The document also contains references to the FDA guidelines dedicated to the Q-submission policy, which should also be considered by the interested party.
Refuse to Accept Policies and Procedures
According to the present guidance, any and all 510(k) premarket notification submissions are subject to preliminary review with regard to the compliance with criteria outlined in the Acceptance Checklist provided by the FDA. Under the general rule, all mandatory elements prescribed by the applicable regulatory requirements should be in place unless the applicant provides sufficient justification confirming that the requirement to provide the particular element could be waived. As mentioned before, such a preliminary review takes up to 15 calendar days. The authority also mentions that the review will commence only upon paying the applicable fee and submission of a validated eCopy .

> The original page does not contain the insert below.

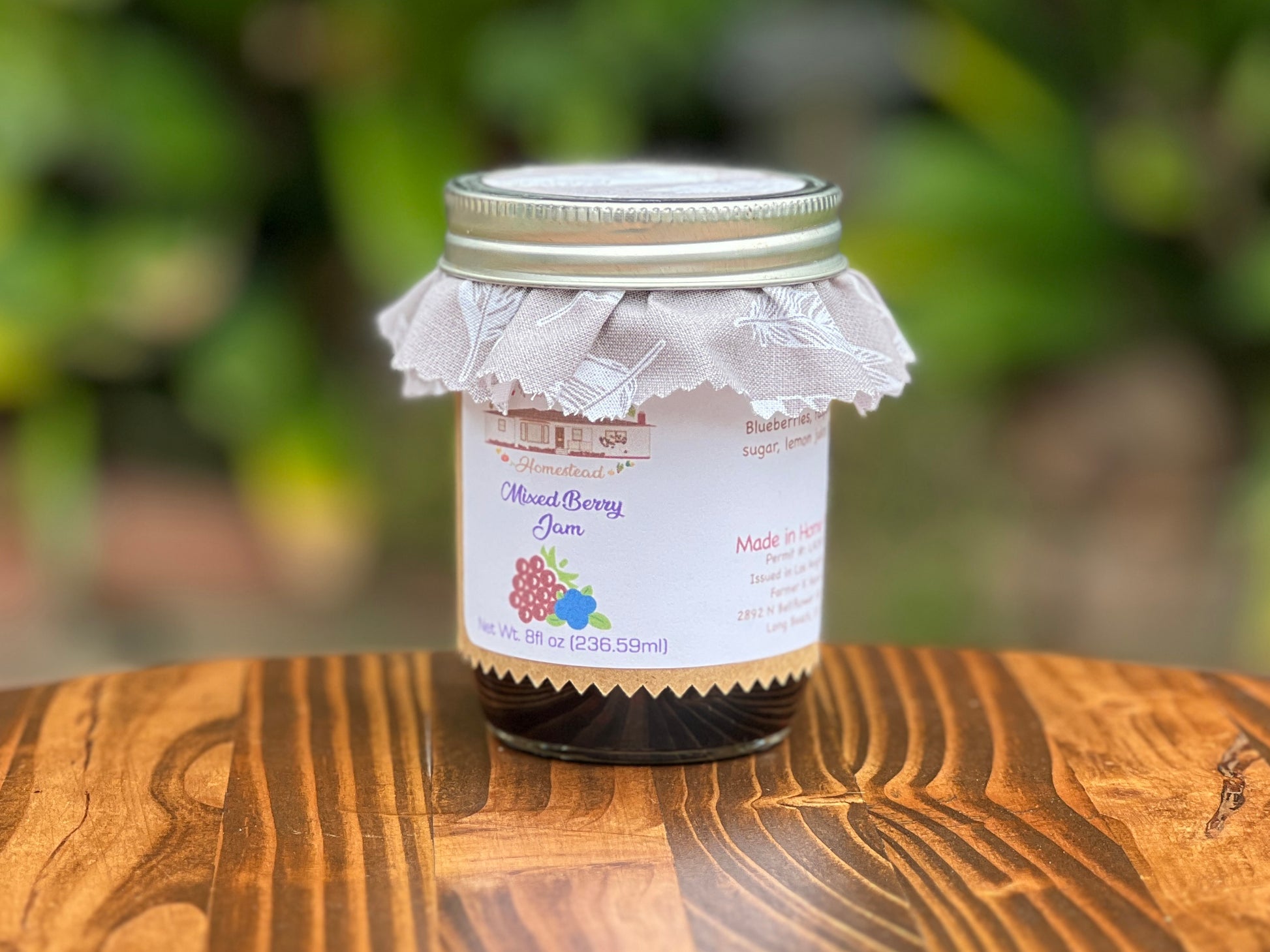 Savory and sweet, our Mixed Berry Jam is handmade with locally sourced berries for a delicious homemade taste. Made with tart raspberries, juicy blueberries, and a hint of sweetness, this 8oz jar contains no preservatives for a fresh, natural flavor. Enjoy the vibrant taste of summer with every bite.

The particular set of admissibility criteria to be applied depends on the type of the 510(k) submission subject to review. The scope of the review covers only the initial submission, not the additional documentation provided by the applicant thereafter. The 510(k) acceptance review is intended to evaluate the administrative completeness of the submission. Thus, should at least one mandatory element be found missing, the submission will be rejected.
At the same time, the FDA is also entitled to determine the importance of elements on a case-by-case basis. Should the FDA determine the submission as incomplete, it will duly inform the applicant about the decision taken and provide detailed reasoning. Upon receipt of such a response, the applicant may provide additional information and documentation requested by the authority without the need to file a new submission or pay the appropriate fees again. The authority emphasizes that the applicant will have up to 180 days to provide the response. Should it fail to provide the documentation requested within the aforementioned term, the submission will be deemed withdrawn. Once the new information has been received, it will take the same 15 calendar days for the FDA to complete the review and provide its feedback.
Once the FDA accepts the submission, the applicant will be notified, and the substantive review will commence.
Refuse to Accept Principles
The present FDA guidance also outlines the main principles to be applied with regard to the admissibility review of the 510(k) premarket notification submissions. In particular, the FDA emphasizes the following:
1. Acceptance should not be based on a substantive review of the information provided in the 510(k) notification.
2. In assessing whether a 510(k) notification should be accepted, submitted information is not evaluated for adequacy to support a finding of substantial equivalence.
3. The evaluation of the quality of the content and the substantial equivalence decision-making process occurs within the substantive review once the file has been accepted.
4. The submitter may provide a rationale for any deviation from a device-specific or cross-cutting guidance document or FDA-recognised standard.
In summary, the FDA guidance on Refuse to Accept policy outlines formal criteria applied by the regulating authority when evaluating the admissibility of a 510(k) premarket notification. The document describes the main rules and requirements, as well as the principles the regulatory approach is based on. It also provides checklists to be used by medical device manufacturers and other parties involved to conduct a self-assessment of their submissions before filing them to the authority for review.